Als der Kriminalfall des verschwundenen Lords dann endlich begann, war ich
etwas enttäuscht, daß er so schnell auch schon wieder vorbei war, aber das war
ein Trugschluss. Denn das Blatt wendete sich erneut.Was später kam war wirklich
unglaublich spannend, auch wenn es nicht so schwer zu erraten war, wer denn
dahinter steckte. Das fand ich etwas schade. Sehr spannend fand ich aber immer
wieder die Codes, die Lady Holmes für Enola hinterließ (so kann man ihren
Vornamen auch rückwärts erlesen und erhält dann? Jawoll, ein Gefühl, daß sie
oft überkommt). Wie die Codes
funktionieren, wird ausführlich erklärt. Auch die Frage, ob Enola letztendlich
von ihren Brüdern erwischt wird und im Internat landet, ist immer und
allgegenwärtig.
Nancy Springer schreibt flüssig und sehr anschaulich z.B. über die Qualen
die die damalige Damenmode nicht nur durch ihre sperrigen Korsetts verursachte.

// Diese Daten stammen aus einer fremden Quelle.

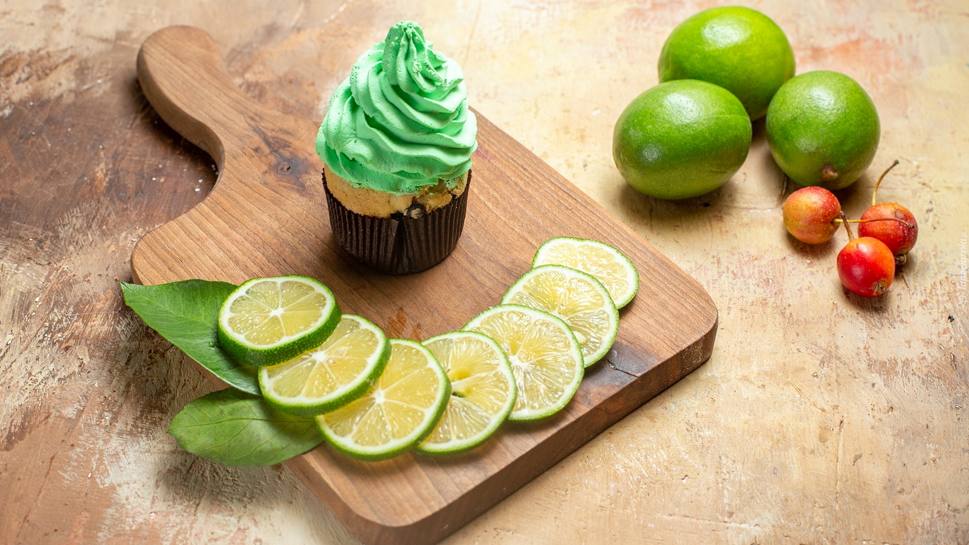 Edytor tapety: Babeczka i plastry limonki na desce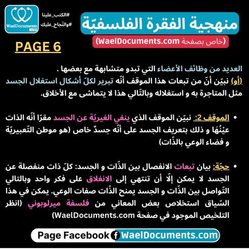 الموضوع: هل من المشروع الإقرار بأنّ الجسد غيريّة؟ الجان $\cdot$ التّأليفيـبنـوقفين: نبيّن أنّ الجسد يبقى واقعا ملتبسا (غير مفهوم) إذ هو في نفس الوقت يقبل شروط المعرفة العلميّة و موضع التّعبيريّة الانسانيّة. $\cdot$ قيمة الموقفي: يجب أن ننسى كل وجهات النّظر الأخلاقويّة و العلمويّة للجسد لكي نؤسّس لرؤية أكثر إنسانيّة فيها مصالحة بيننا و بين أجسادنا معرفيّا. فالجسد معرفيّا هو شرط إدراك، و هو أخلاقيّا شرط الفرح Page Facebook $\mathbf{f}$ WaelDocuments.com والغبطة.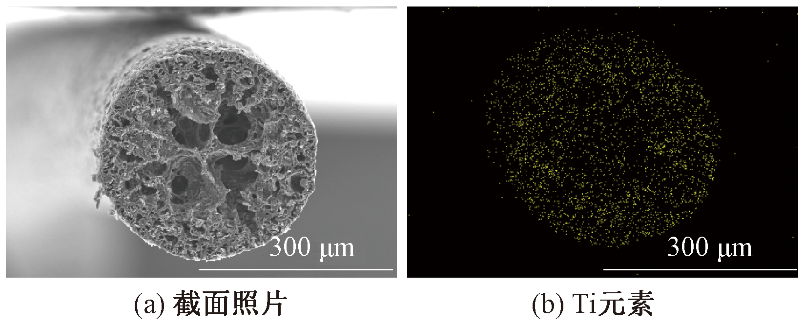 Cross-sectional image (a) and Ti element distribution map (b) of 5# fiber"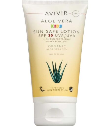 AVIVIR Aloe Vera KIDS Sun Safe SpF 30 sollotion er en sollotion beregnet til børn. Produktet er vandafvisende, uparfumeret og ...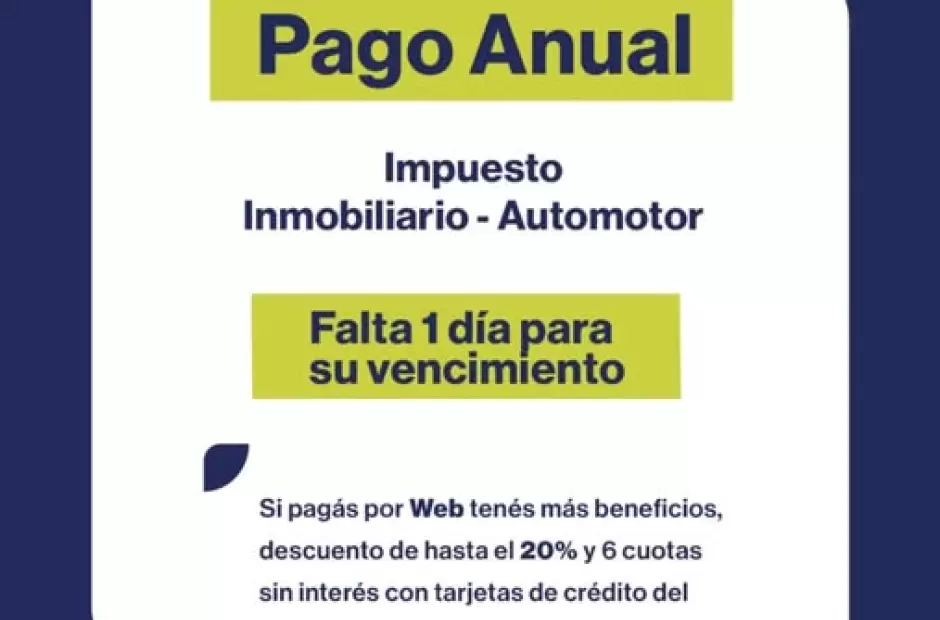 ARCA recordó que este lunes vence el plazo para abonar el pago anual del impuesto automotor e inmobiliario. Hay beneficios de hasta el 20% y planes en cuotas con tarjetas del Banco Nación.

Auch die gesellschaftlichen Probleme, die Dickens in seinen
Gesellschaftsromanen anprangert, wie die Armut und Verelendung ganzer
Stadtviertel, werden einen durch Enola und ihren kleinen Lord sehr plastisch
vor Augen geführt. Vom Ausdruck und dem Erfahrungshorizont her, kann Nancy Springer
sich hervorragend auf ihr junges Publikumab 12 Jahren einstellen. So bereichern
sie ihren Horizont, mit einem nach Anlaufschwierigkeiten sehr spannenden
Kriminalfall. Die Reihe ist in der amerikanischen Heimat der Autorin so
erfolgreich, daß sie mit Millie Bobby Brown („Stranger Things“) in der Rolle
der jungen Detektivin verfilmt wird. Nächstes Jahr soll der Film dann in die
Kinos kommen.
Auf den zweiten Band, der direkter zur Sache kommen dürfte, bin ich schon
jetzt gespannt und werde die Reihe sicherlich weiterverfolgen.
Ich bedanke mich ganz herzlich beim Knesebeck Verlag für dieses
Rezensionsexemplar, auf das ich schon so gespannt war.